◆ **EXERCISE DETAILS**
What are the lines from the one containing "Terrace 1. floor" through the last line of the records below? Return them exactly, leaving out pictures.

◆ **AVAILABLE RECORDS**
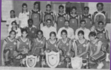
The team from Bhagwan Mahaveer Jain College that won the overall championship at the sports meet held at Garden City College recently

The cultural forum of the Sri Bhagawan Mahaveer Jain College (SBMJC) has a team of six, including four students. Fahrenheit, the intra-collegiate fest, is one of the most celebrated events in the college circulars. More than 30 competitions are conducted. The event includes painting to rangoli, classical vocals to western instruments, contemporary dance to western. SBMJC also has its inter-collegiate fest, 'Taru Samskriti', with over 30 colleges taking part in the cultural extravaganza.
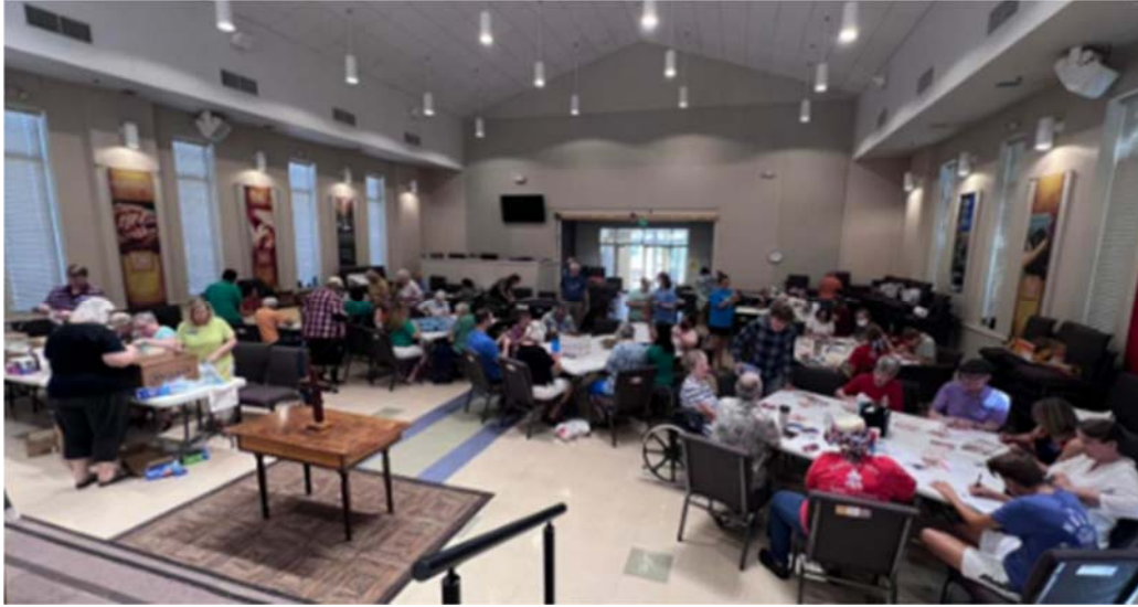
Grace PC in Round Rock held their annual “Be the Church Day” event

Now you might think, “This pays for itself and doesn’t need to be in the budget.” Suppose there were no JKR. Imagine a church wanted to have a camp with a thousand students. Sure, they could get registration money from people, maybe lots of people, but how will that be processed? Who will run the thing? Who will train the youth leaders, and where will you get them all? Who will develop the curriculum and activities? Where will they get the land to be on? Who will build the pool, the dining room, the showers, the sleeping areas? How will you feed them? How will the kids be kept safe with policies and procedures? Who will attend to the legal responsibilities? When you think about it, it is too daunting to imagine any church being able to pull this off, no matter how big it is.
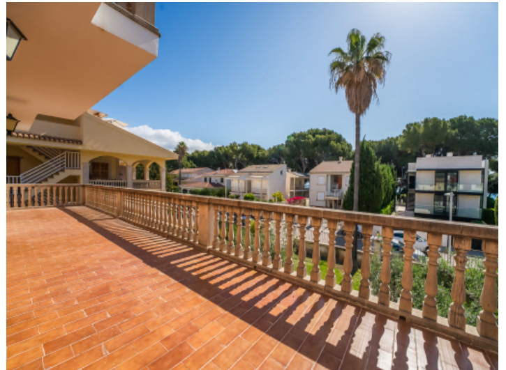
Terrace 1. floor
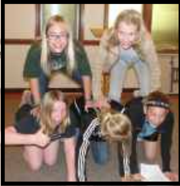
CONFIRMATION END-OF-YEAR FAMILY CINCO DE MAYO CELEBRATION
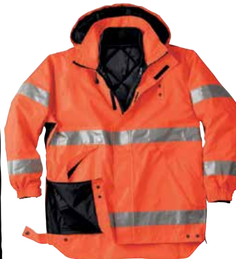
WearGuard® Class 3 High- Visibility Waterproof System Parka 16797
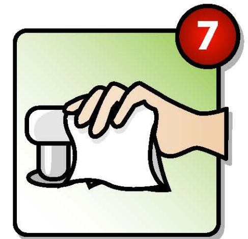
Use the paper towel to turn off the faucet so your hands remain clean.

◆ **ANSWER FOR THE TASK**
Terrace 1. floor
CONFIRMATION END-OF-YEAR FAMILY CINCO DE MAYO CELEBRATION
WearGuard® Class 3 High- Visibility Waterproof System Parka 16797
Use the paper towel to turn off the faucet so your hands remain clean.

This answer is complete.